Pep8 and Python 3 compatibility

hayd commented 9 years ago

The first commit uses autopep8 to clean up the code a little. Fixes #15.

The second commit makes a couple of changes for python 3 compatibility. #24 #28

Note: a smaller diff can be seen with whitespace ignored (though obviously whitespace is meaningful in python)...

kenny-evitt commented 9 years ago

@hayd Thanks for the PR!

How hard would it be to test whether ensureUtf should call encode or decode? If you can convince me that your change is correct, I'll be comfortable merging your changes.

hayd commented 9 years ago

Here's some examples of using str/encode/decode. As you can see the behaviour is very different. Python 2 always returns a str in the below cases. Python 3 returns a str (utf8) only with the above decode path.

python2

>>> u"abc".encode("utf-8", "ignore")
'abc'
>>> b"abc".encode("utf-8", "ignore")
'abc'
>>> str(b"abc")
'abc'

python 3

>>> u"abc".encode("utf-8", "ignore")
b'abc'
>>> b"abc".encode("utf-8", "ignore")
AttributeError
>>> str(b"abc")
"b'abc'"

>>> b"abc".decode("utf-8", "ignore")
'abc'
>>> u"abc".decode("utf-8", "ignore")
AtrributeError
>>> str(u"abc")
'abc'

Note: unicode encoded becomes bytes (not utf), thus not "ensuring utf".

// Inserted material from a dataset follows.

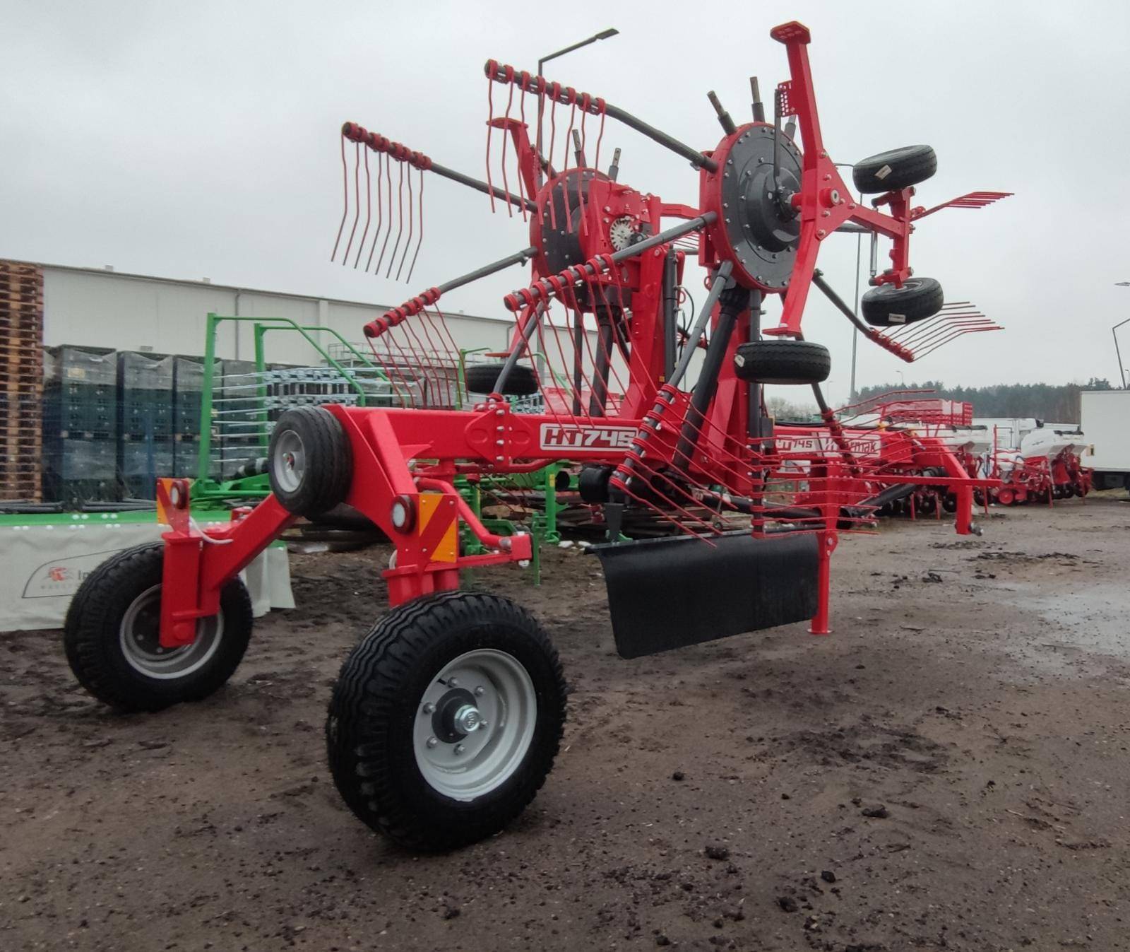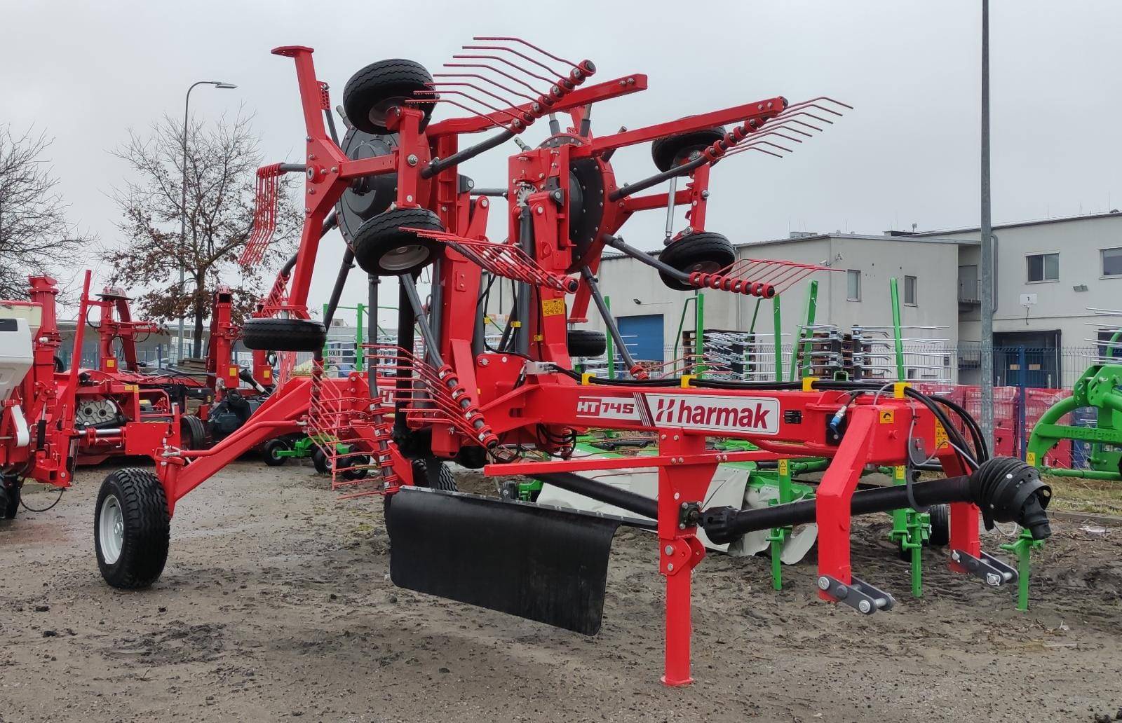 Przedstawiamy zgrabiarkę rotacyjną dwukaruzelową HARMAK HT-745. Szerokość robocza maszyny od 6.85m-7.35m. Co chrakteryzuje zgrabiarkę Harmak to:

hayd commented 9 years ago

Which is to say, in python 2 encode on unicode did nothing, but semantically it was doing the wrong thing (as we can see when python 3 tries to do "the right thing"). decode is what it ought to have been doing, that gives the same results as before but now works in python 2 and 3.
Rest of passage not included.